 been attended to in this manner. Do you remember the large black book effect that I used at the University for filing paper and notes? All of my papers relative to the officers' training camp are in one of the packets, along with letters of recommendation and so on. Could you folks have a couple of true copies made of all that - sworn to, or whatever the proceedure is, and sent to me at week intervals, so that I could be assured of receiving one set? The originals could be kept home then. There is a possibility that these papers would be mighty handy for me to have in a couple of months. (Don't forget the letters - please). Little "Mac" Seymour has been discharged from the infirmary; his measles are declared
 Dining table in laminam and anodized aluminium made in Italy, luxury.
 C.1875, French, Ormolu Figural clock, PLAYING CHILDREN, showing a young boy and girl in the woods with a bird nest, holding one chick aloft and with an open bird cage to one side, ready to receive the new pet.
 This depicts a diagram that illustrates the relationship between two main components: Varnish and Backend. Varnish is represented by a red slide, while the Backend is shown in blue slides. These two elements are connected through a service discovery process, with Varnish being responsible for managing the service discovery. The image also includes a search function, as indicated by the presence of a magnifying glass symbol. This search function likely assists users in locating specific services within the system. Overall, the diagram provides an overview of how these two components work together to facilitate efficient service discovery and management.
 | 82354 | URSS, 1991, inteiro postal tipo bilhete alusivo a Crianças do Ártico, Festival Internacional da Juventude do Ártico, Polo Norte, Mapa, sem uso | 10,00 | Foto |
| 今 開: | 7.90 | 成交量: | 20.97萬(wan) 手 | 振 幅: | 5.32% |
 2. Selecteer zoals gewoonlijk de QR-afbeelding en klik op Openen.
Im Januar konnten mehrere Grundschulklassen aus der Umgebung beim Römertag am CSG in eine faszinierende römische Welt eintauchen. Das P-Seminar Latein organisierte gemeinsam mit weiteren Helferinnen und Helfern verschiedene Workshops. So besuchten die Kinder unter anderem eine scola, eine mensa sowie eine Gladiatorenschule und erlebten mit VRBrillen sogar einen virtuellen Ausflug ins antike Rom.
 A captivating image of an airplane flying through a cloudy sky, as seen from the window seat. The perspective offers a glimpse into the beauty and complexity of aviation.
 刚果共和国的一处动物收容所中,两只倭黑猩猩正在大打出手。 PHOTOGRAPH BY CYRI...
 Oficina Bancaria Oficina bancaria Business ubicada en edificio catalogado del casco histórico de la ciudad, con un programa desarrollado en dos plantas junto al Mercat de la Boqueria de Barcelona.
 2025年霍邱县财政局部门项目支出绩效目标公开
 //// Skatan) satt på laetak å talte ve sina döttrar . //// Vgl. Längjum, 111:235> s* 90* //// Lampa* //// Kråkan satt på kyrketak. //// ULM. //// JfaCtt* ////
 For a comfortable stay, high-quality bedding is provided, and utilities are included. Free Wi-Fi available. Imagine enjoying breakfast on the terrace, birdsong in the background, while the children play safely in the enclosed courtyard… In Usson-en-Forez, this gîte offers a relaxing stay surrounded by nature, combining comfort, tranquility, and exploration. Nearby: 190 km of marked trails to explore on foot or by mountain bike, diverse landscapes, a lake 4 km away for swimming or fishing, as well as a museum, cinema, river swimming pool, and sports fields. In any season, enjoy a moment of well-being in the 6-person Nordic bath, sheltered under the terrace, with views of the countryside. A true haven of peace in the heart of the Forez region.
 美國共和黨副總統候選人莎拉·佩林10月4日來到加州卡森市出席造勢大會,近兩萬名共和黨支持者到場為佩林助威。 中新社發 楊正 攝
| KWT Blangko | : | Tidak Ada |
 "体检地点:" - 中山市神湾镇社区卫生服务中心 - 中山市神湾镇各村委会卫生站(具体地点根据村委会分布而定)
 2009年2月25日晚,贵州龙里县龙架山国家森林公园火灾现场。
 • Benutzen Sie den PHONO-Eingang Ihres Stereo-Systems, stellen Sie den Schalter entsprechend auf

TASK BRIEF> Every record above should be copied exactly.

RESPONSE TO THE TASK>
 been attended to in this manner. Do you remember the large black book effect that I used at the University for filing paper and notes? All of my papers relative to the officers' training camp are in one of the packets, along with letters of recommendation and so on. Could you folks have a couple of true copies made of all that - sworn to, or whatever the proceedure is, and sent to me at week intervals, so that I could be assured of receiving one set? The originals could be kept home then. There is a possibility that these papers would be mighty handy for me to have in a couple of months. (Don't forget the letters - please). Little "Mac" Seymour has been discharged from the infirmary; his measles are declared
 Dining table in laminam and anodized aluminium made in Italy, luxury.
 C.1875, French, Ormolu Figural clock, PLAYING CHILDREN, showing a young boy and girl in the woods with a bird nest, holding one chick aloft and with an open bird cage to one side, ready to receive the new pet.
 This depicts a diagram that illustrates the relationship between two main components: Varnish and Backend. Varnish is represented by a red slide, while the Backend is shown in blue slides. These two elements are connected through a service discovery process, with Varnish being responsible for managing the service discovery. The image also includes a search function, as indicated by the presence of a magnifying glass symbol. This search function likely assists users in locating specific services within the system. Overall, the diagram provides an overview of how these two components work together to facilitate efficient service discovery and management.
 | 82354 | URSS, 1991, inteiro postal tipo bilhete alusivo a Crianças do Ártico, Festival Internacional da Juventude do Ártico, Polo Norte, Mapa, sem uso | 10,00 | Foto |
| 今 開: | 7.90 | 成交量: | 20.97萬(wan) 手 | 振 幅: | 5.32% |
 2. Selecteer zoals gewoonlijk de QR-afbeelding en klik op Openen.
Im Januar konnten mehrere Grundschulklassen aus der Umgebung beim Römertag am CSG in eine faszinierende römische Welt eintauchen. Das P-Seminar Latein organisierte gemeinsam mit weiteren Helferinnen und Helfern verschiedene Workshops. So besuchten die Kinder unter anderem eine scola, eine mensa sowie eine Gladiatorenschule und erlebten mit VRBrillen sogar einen virtuellen Ausflug ins antike Rom.
 A captivating image of an airplane flying through a cloudy sky, as seen from the window seat. The perspective offers a glimpse into the beauty and complexity of aviation.
 刚果共和国的一处动物收容所中,两只倭黑猩猩正在大打出手。 PHOTOGRAPH BY CYRI...
 Oficina Bancaria Oficina bancaria Business ubicada en edificio catalogado del casco histórico de la ciudad, con un programa desarrollado en dos plantas junto al Mercat de la Boqueria de Barcelona.
 2025年霍邱县财政局部门项目支出绩效目标公开
 //// Skatan) satt på laetak å talte ve sina döttrar . //// Vgl. Längjum, 111:235> s* 90* //// Lampa* //// Kråkan satt på kyrketak. //// ULM. //// JfaCtt* ////
 For a comfortable stay, high-quality bedding is provided, and utilities are included. Free Wi-Fi available. Imagine enjoying breakfast on the terrace, birdsong in the background, while the children play safely in the enclosed courtyard… In Usson-en-Forez, this gîte offers a relaxing stay surrounded by nature, combining comfort, tranquility, and exploration. Nearby: 190 km of marked trails to explore on foot or by mountain bike, diverse landscapes, a lake 4 km away for swimming or fishing, as well as a museum, cinema, river swimming pool, and sports fields. In any season, enjoy a moment of well-being in the 6-person Nordic bath, sheltered under the terrace, with views of the countryside. A true haven of peace in the heart of the Forez region.
 美國共和黨副總統候選人莎拉·佩林10月4日來到加州卡森市出席造勢大會,近兩萬名共和黨支持者到場為佩林助威。 中新社發 楊正 攝
| KWT Blangko | : | Tidak Ada |
 "体检地点:" - 中山市神湾镇社区卫生服务中心 - 中山市神湾镇各村委会卫生站(具体地点根据村委会分布而定)
 2009年2月25日晚,贵州龙里县龙架山国家森林公园火灾现场。
 • Benutzen Sie den PHONO-Eingang Ihres Stereo-Systems, stellen Sie den Schalter entsprechend auf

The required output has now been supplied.